In fact, Plaza de la Merced is a meeting spot for many malagueños. It's also a must-visit for fans of the city's favorite son: Pablo Picasso. His birth house is located in the plaza and in front of it there's a statue of the man himself, enjoying the Malaga sun.
Insider's Tip: Rub the Picasso statue on his head—locals believe it will help his creativity rub off on you!
5. Picasso Museum
Speaking of Picasso, his namesake museum is definitely worth a visit. For €12, you can see three floors filled with pieces from his formative years. As you make your way through the museum, you'll learn about Picasso's early life in Malaga and how his experiences affected his art.
I suggest taking the audio guide, which is included in your entrance ticket, to get to know this legendary artist a little bit better.

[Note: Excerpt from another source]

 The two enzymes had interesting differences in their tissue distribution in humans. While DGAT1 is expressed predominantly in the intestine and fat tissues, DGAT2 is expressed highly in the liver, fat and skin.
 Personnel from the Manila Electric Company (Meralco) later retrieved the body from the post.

Insider’s Tip: Don’t forget about the basement of the Picasso Museum. There's no art here, but there are some pretty fascinating ancient ruins.
6. Gibralfaro Castle
Located on a steep hill near Malaga's city center, Gibralfaro Castle promises spectacular views. The Moors built the castle for defensive purposes—hence its prime location—and today you can enjoy the scenery from the high defensive walls as you walk around them.

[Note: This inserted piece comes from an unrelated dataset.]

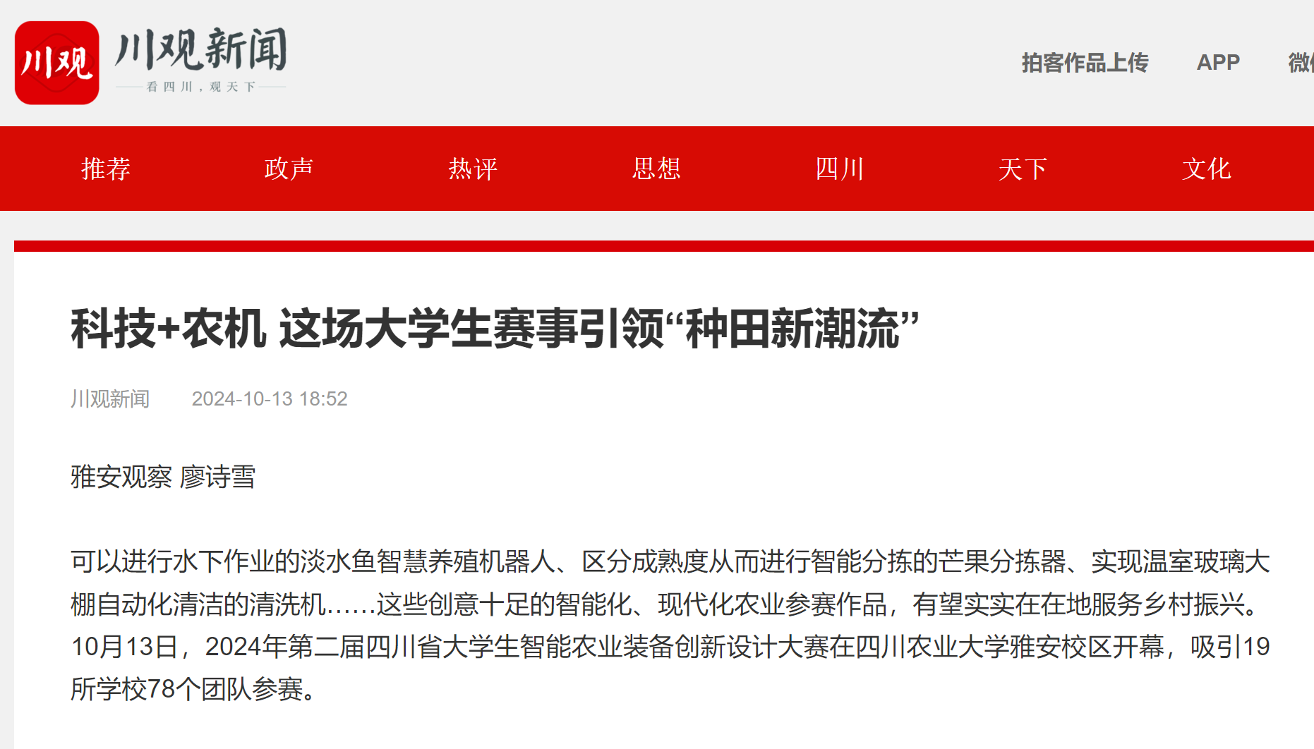 “举办四川省大学生智能农业装备创新设计大赛,旨在聚焦农业装备领域对人才的需求,激发大学生热爱农业装备科学、投身智能农业装备研发,提升大学生工程创新能力和实践应用能力,”四川省教育厅有关负责人表示,作为四川省六大优势产业之一的装备制造产业,农业装备的智慧化、精准化已成为行业发展的必然趋势,而高素质创新型的智慧农业装备人才培养则在赋能现代农业发展过程中要发挥重要的支撑作用。本次创新大赛将为学生成果展示、推介和应用提供交流平台,有利于推动农业装备创新人才协同培养,助力现代农业装备产业创新发展。

If you want to imagine the castle in its full former glory, in the middle of the fortress you'll find a small museum with weapons and armor that the soldiers used on the battlefield.

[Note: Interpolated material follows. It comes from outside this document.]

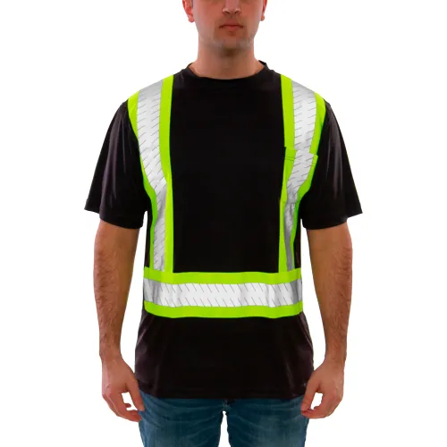 Tingley® Job Sight Class 1 Short Sleeve T-Shirt, Black with Fluorescent Yellow-Green, 5XL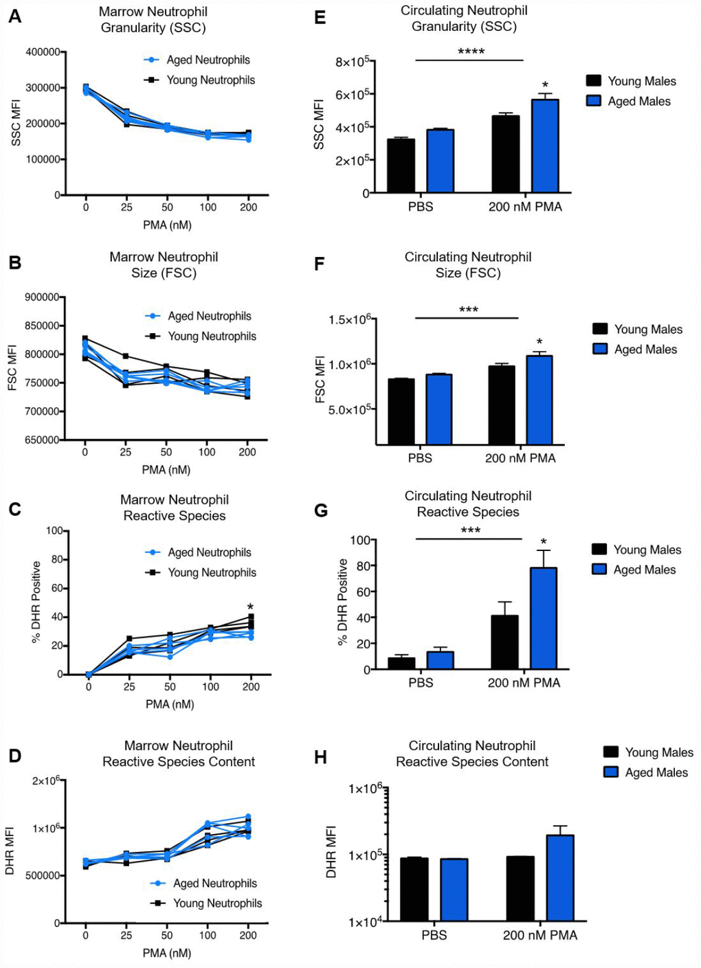 As we observed no significant age differences in reactive species generation in bone marrow neutrophils, it is possible that age differences in neutrophil function may result from environmental factors rather than cell-intrinsic processes. Aging has been suggested to result in an increase in circulating pro-inflammatory cytokines, a process known as “inflammaging”. To this end, we hypothesized that neutrophils from the bone marrow might begin to exhibit enhanced oxidative functions after exposure to enhanced pro-inflammatory signals in the aged circulation. Circulating murine neutrophils from naïve mice were exposed to 200 nM PMA or PBS control (Figure 3). Stimulation with 200nM PMA resulted in a significant increase in neutrophil side scatter (SSC), a marker of enhanced granularity/activation, in both groups. Interestingly, aged neutrophils were found to have significantly higher SSC than young neutrophils across groups (two-way ANOVA, interaction p=0.3758, stim p=<0.0001, age p=0.0078), which remained significant in the stimulated group after multiple comparisons analysis (p=0.02). A similar pattern was seen in neutrophil forward scatter (FSC) by two-way ANOVA (Figure 3F, interaction p=0.3202, stim p=0.0004, age p=0.0229), with significantly higher FSC in stimulated aged neutrophils compared to young neutrophils after stimulation by multiple comparisons (p=0.05). Measurement of intracellular reactive species production showed that a significantly higher percentage of aged neutrophils were positive for intracellular reactive species after PMA stimulation (Figure 3G, two-way ANOVA with multiple comparisons, p=0.0382), with a trend towards increased reactive species content (Figure 3H, two-way ANOVA with multiple comparisons, p=0.1782) compared to young.

The entry fee is just €3.50—or you can buy a combined ticket for the Alcazaba and Gibralfaro Castle for €5.50 (saving you €1.50).
Insider’s Tip: As you walk up to Gibralfaro, you'll come across an amazing viewpoint. Don’t forget to take a little break to snap some great pictures.
7. Plaza de la Constitución
Malaga's heart lies in Plaza de la Constitución, a beautiful square surrounded by grand buildings and palm trees.
At the edge of this central square you'll see huge newspapers printed directly into the ground. These are copies of the papers that were printed on the first day of the Spanish democracy—and the reason why it's called "Constitution Square" today.
8. Malaga Park
If you want to relax and cool off a bit, head for the Parque de Malaga. This beautiful little green space runs right along the harbor for 300 meters. It's home to plants and trees from all over the world—basically a free botanical garden!
There are lots of fountains, statues, and benches where you can sit down and relax, making it the perfect place to chill out on a hot summer day.
Read More: 10 Days in Malaga
9. Muelle Uno
Malaga is a quickly evolving city, and in 2011 its port area was rejuvenated with the creation of Muelle Uno. Here you can shop at one of the many hip stores, sit down at a great restaurant, or simply enjoy the view from the other side of the city center.
If art is your calling, Malaga’s Centre Pompidou is located nearby, with its brightly colored exterior bringing even more personality to this modern part of town.
10. La Malagueta Beach
No trip to the Costa del Sol would be complete without visiting the beach, but you don't have to go far to find it. And with 330 days of sun every year, Malaga is the perfect destination for sunbathing, swimming, or simply taking a walk.
Head down to Playa de la Malagueta, where you'll find chiringuitos (beach bars and restaurants) where you can have a drink or a bite to eat while taking in the breezy sea air.
See Also: The ultimate guide to the best beaches in Malaga (and beyond!)
Things to See in Malaga FAQs
Malaga's biggest claim to fame is probably Pablo Picasso, who was born here in 1881. The Picasso Museum is one of the best things to see in Malaga, allowing you to get to know the artist and his many masterpieces. You can also visit his birth house in Plaza de la Merced.
Calle Larios is the most famous shopping street in Malaga. This wide pedestrian avenue is lined with shops and always full of life. It's also within easy walking distance of many of the city's top sights, thanks to its location in the historic center.
There are so many places to go in Malaga, from the historic cathedral, grand Alcazaba, and imposing Gibralfaro Castle to the modern Muelle Uno, peaceful Malaga Park, and iconic beach of La Malagueta. I suggest choosing a few of the top things to see, depending on your interests, and designing your itinerary around them.